*Directions:* From the records below, output exactly the lines starting at the line with "鹿児島県 「ホワイトタイガー」ライブ映像(平川動物公園 設置カメラ)" and ending at the line with "Modern Coat Stand", both of them included, but no pictures.

*Data for this task:*
=====
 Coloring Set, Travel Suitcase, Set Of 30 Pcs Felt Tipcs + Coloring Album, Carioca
=====
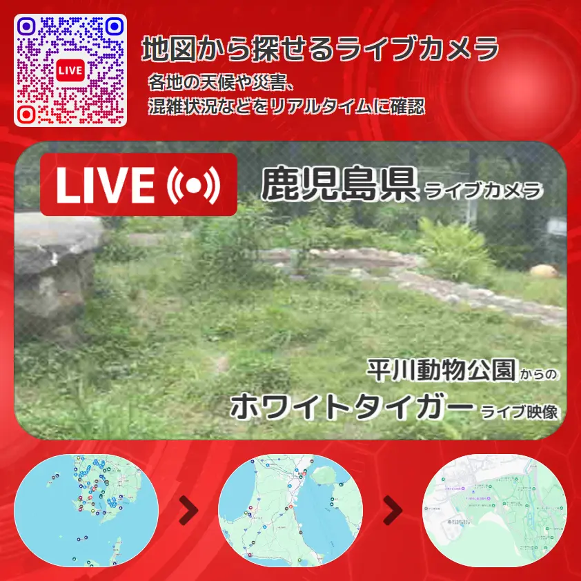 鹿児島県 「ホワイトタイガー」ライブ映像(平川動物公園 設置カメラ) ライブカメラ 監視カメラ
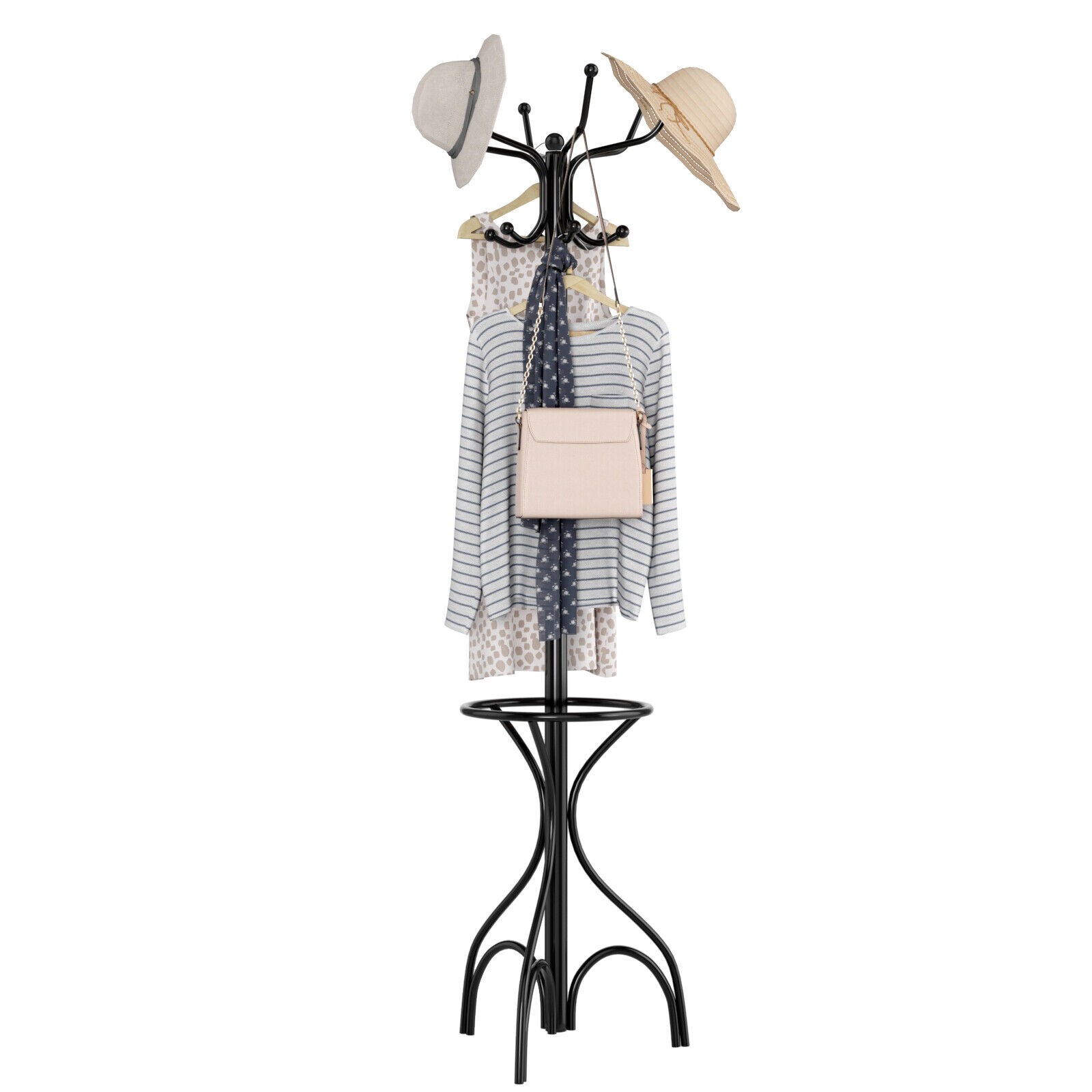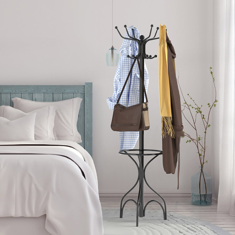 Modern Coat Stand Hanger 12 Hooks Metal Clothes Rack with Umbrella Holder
=====
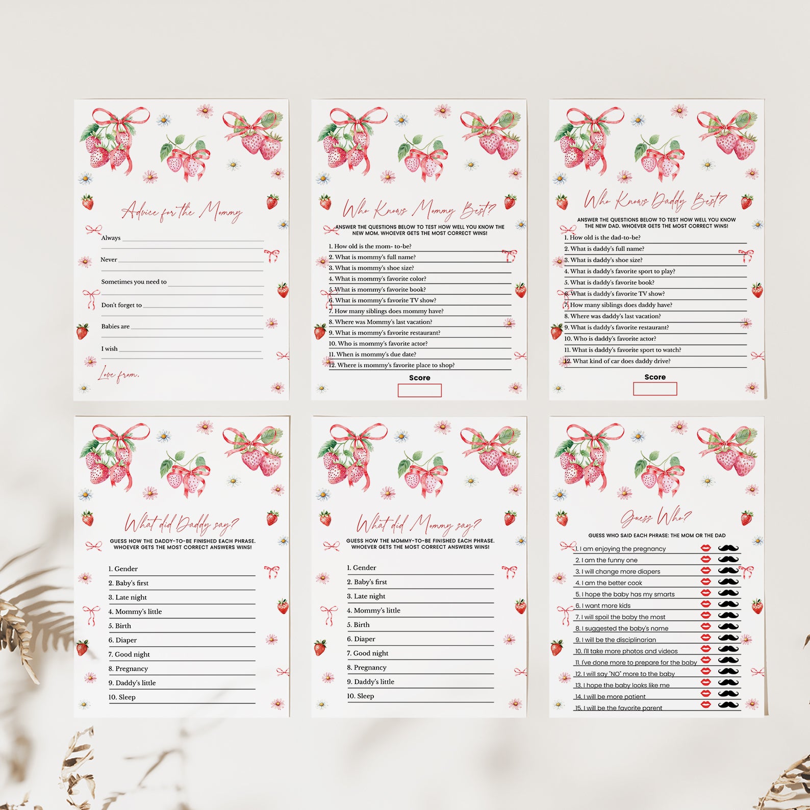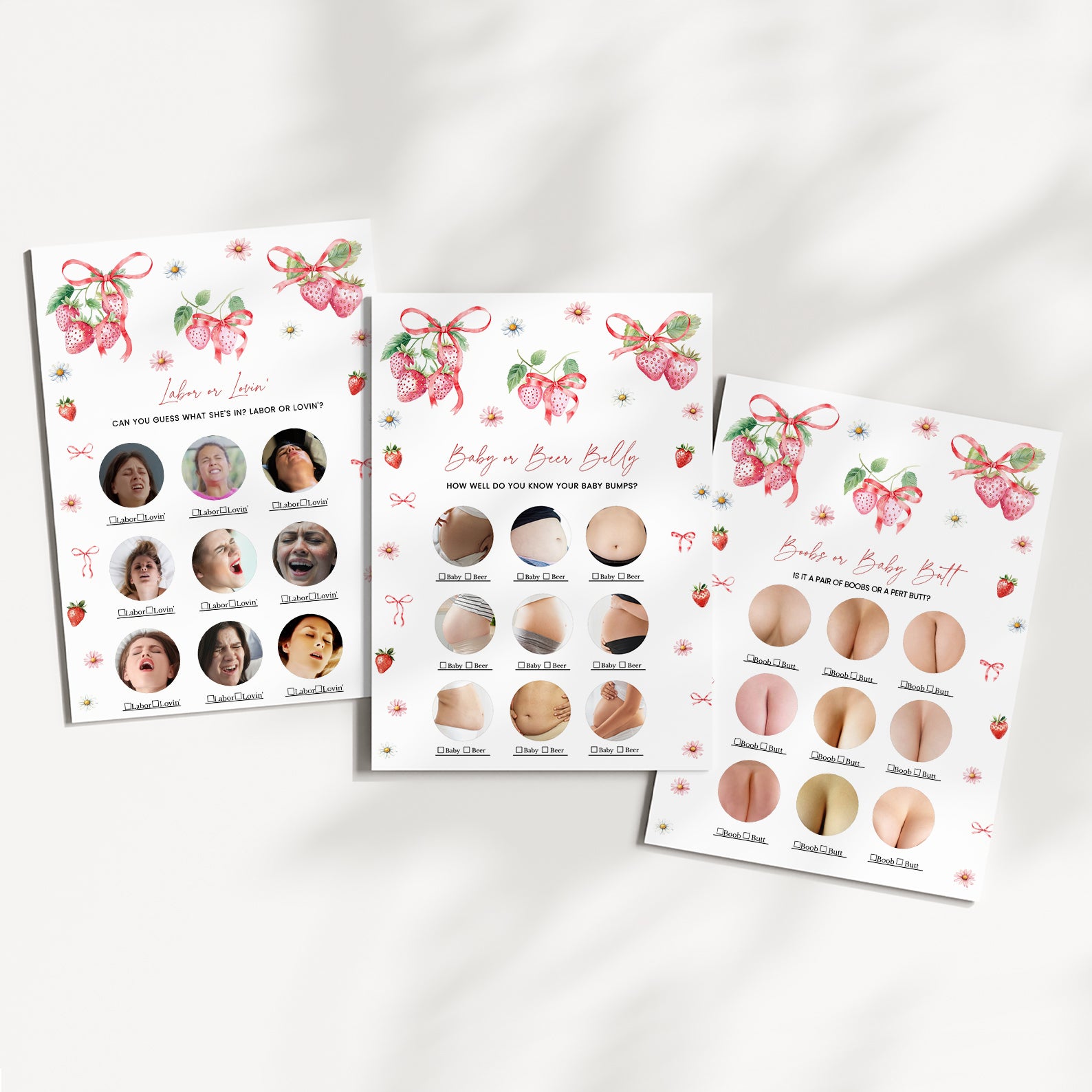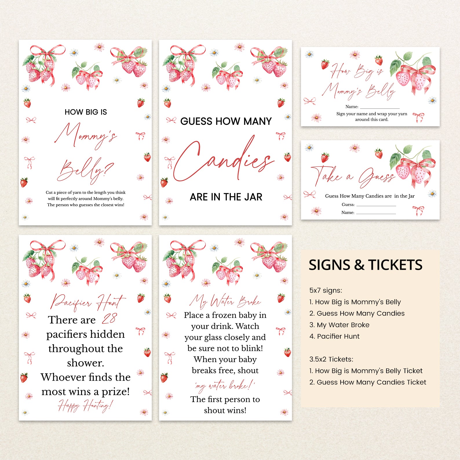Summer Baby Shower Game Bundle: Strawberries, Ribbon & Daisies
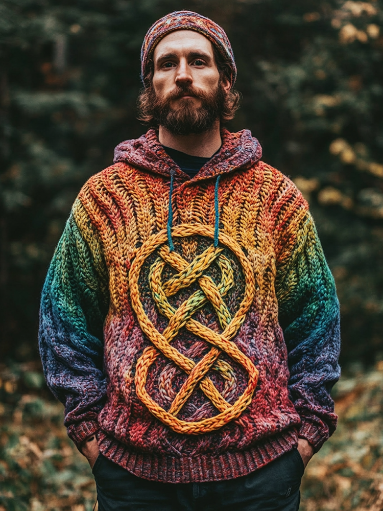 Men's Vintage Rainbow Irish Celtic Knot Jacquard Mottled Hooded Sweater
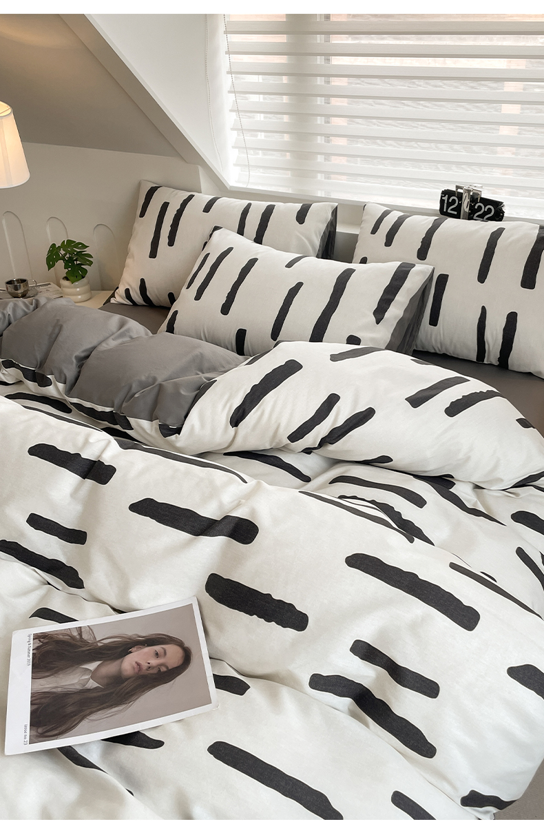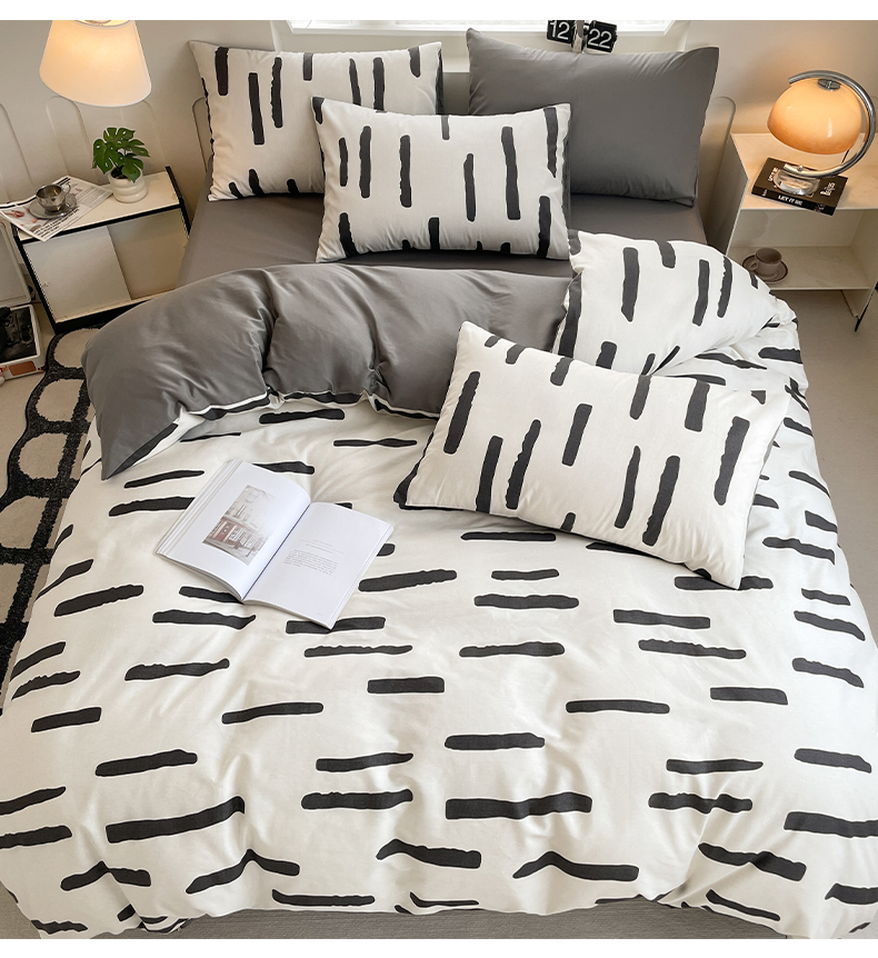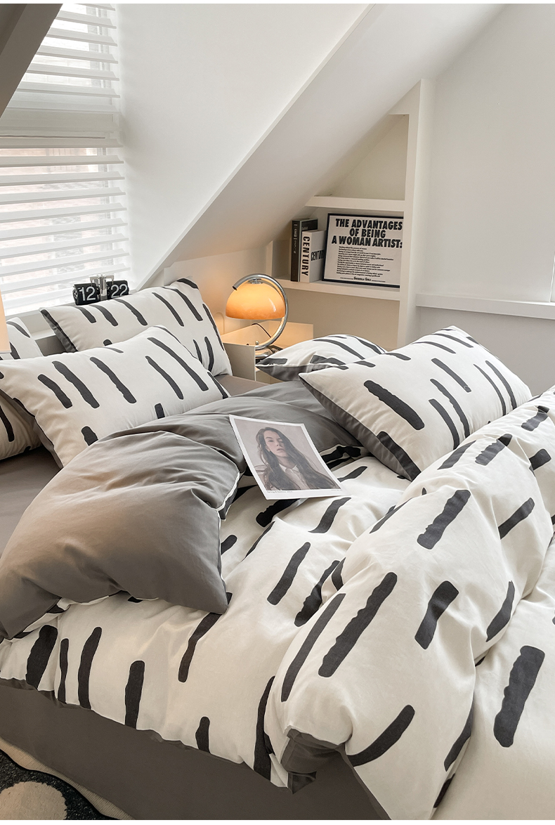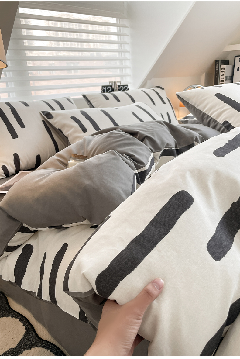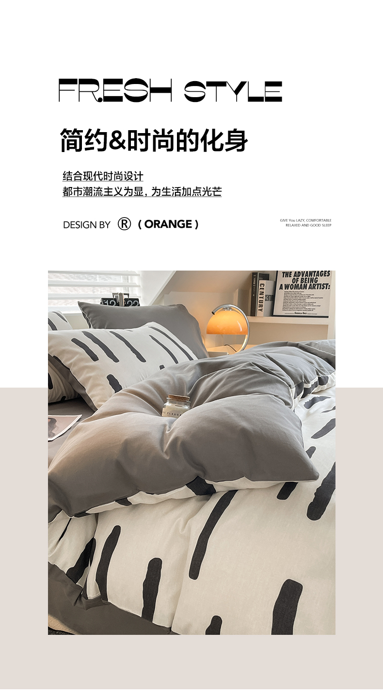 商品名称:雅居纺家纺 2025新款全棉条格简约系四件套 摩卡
=====
*Task response:*
 鹿児島県 「ホワイトタイガー」ライブ映像(平川動物公園 設置カメラ) ライブカメラ 監視カメラ
 Modern Coat Stand Hanger 12 Hooks Metal Clothes Rack with Umbrella Holder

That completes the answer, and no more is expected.